Hip bursitis (medical name: trochanteric bursitis) is often confused with other conditions that also cause outer hip pain, and sometimes it occurs together with one of these conditions. In this article, I explain hip bursitis symptoms and causes as well as how to treat it, including massage and which exercises to avoid. Remember, if you need more help with an injury, you're welcome to consult one of our physios online via video call.


Learn what causes hip bursitis and how best to treat it.

In this article:

  1. What is a bursa and where does hip bursitis hurt?

  2. What is hip bursitis?

  3. How to diagnose hip bursitis

  4. Treatment for hip bursitis

  5. How we can help

We also made a video about this:



What is a bursa and where does hip bursitis hurt?


A bursa is a little fluid-filled sac, and you have them wherever a muscle or tendon is close to a bone. They sit between the muscle or tendon and the bone and in some cases between muscles, and their function is to prevent friction between these various body parts. It’s almost like those inflated marine fenders hanging over the side of a boat to protect it from contact with the dock or jetty.


There are at least 9 different hip bursae that can cause pain when you have trochanteric or hip bursitis.
Adapted from Williams, B. S. and S. P. Cohen (2009). "Greater trochanteric pain syndrome: a review of anatomy, diagnosis and treatment." Anesthesia & Analgesia 108(5): 1662-1670.

There are plenty of bursae in the hip, because there are so many muscles in that area: the gluteus maximus, medius, and minimus, the piriformis muscle deep inside the hip, as well as quite a few smaller muscles. And these muscles are all attached to the hip bone or the top of the thigh bone with tendons.


Note that there are a total of nine hip bursae in the picture, and quite often it’s more than one bursa that’s causing the pain. This is why injections to relieve hip bursitis pain sometimes don’t work; they often inject the wrong bursa. (More about that later on.)


Interestingly, not everyone has exactly nine bursae – some people have fewer, and others have more.

The main pain your feel when you have hip bursitis is over the outside of the hip, but it can also refer down the lateral thigh.

The circled area in the picture above is where you typically experience hip bursitis pain.


What is hip bursitis?


Bursae have many nerve endings.
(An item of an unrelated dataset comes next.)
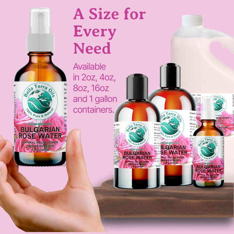Bella Terra Oils - Organic Rose Water Mist 4 oz - Capture The Bulgarian Rose Essence, Perfect as a Gentle Rosewater Face Mist, Free from Synthetics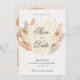 Esta macia e terraplenada é uma mistura equilibrada de charme rústico e delicada elegância, com lindas flores secas a aquarela e grama-pampas em tons de bege quente e rosa poeirento. A expressão "salvar a data" é escrita num texto elegante e castanho. Abaixo dos nomes, da data e da localização do casamento em uma fonte sérvia de todos os bonés. Adicione uma de suas fotos de noivado favoritas à parte traseira do cartão enquadrado por um arco floral romântico

So, when they become injured or irritated, it causes a lot of pain.


There are two main ways in which a hip bursa can get injured or an existing bursitis can be aggravated.


A sudden impact

This usually happens when you fall on your side, like when you fall off a bicycle or trip and fall. In this case, the pain usually sets in within a few hours to a day after the impact.


Excessive friction or compression

This is the more common cause of hip bursitis.


Yes, a bursa is there to reduce friction, but it can only sustain a certain amount of force. If, for some reason, the compression and friction are a lot more than it can handle, it will get painful and sometimes inflamed.


Note “sometimes” in the previous sentence. The research has shown that bursitis doesn't always go hand-in-hand with inflammation in the bursa. That is why anti-inflammatories don't always help.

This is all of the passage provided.